(The data Opens)

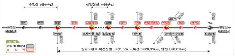 | 월곶 판교선 노선도. |
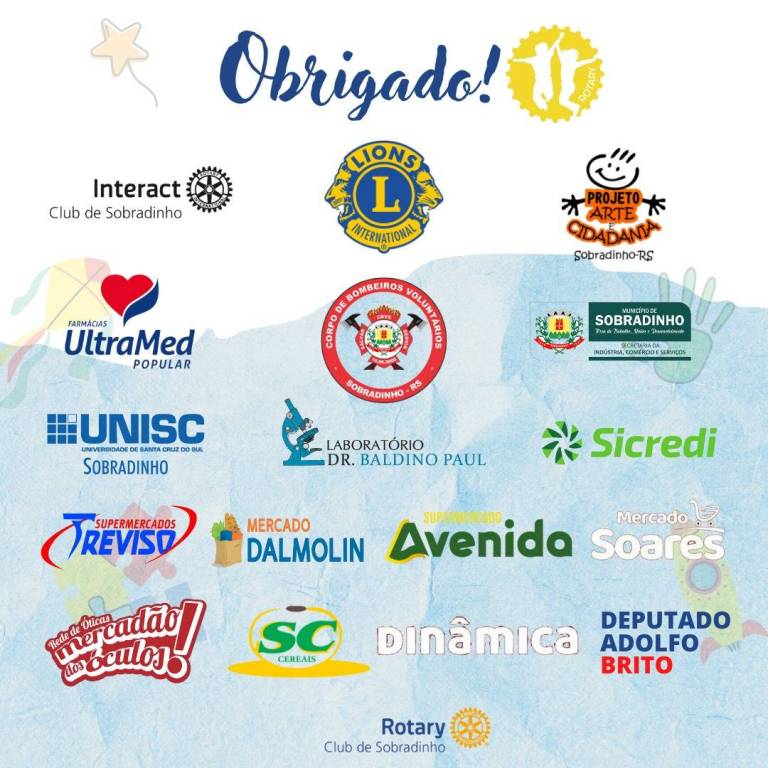 Apoio: Unisc Sobradinho, Supermercados Treviso, Mercado Dalmolin, Supermercado Avenida, Mercado Soares, Sicredi, Laboratório Dr. Baldino Paul, Mercadão dos Óculos Sobradinho, SC Cereais, Dinâmica.
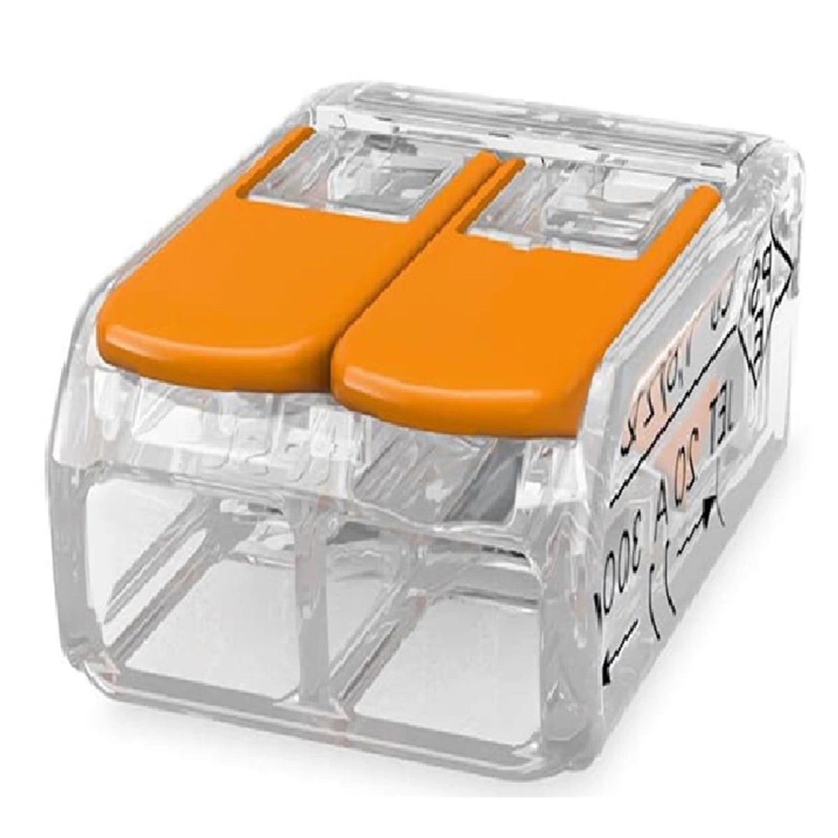 - Montaż wtykowy do podłączenia 2 przewodów typu linka, jednodrutowych i wielodrutowych

(The data Closes)

Exercise description: Could you write out exactly the lines running from the one with "Apoio: Unisc Sobradinho, Supermercados" through the last line of the data above, both ends kept, and omit any picture?

Answer space:
 Apoio: Unisc Sobradinho, Supermercados Treviso, Mercado Dalmolin, Supermercado Avenida, Mercado Soares, Sicredi, Laboratório Dr. Baldino Paul, Mercadão dos Óculos Sobradinho, SC Cereais, Dinâmica.
 - Montaż wtykowy do podłączenia 2 przewodów typu linka, jednodrutowych i wielodrutowych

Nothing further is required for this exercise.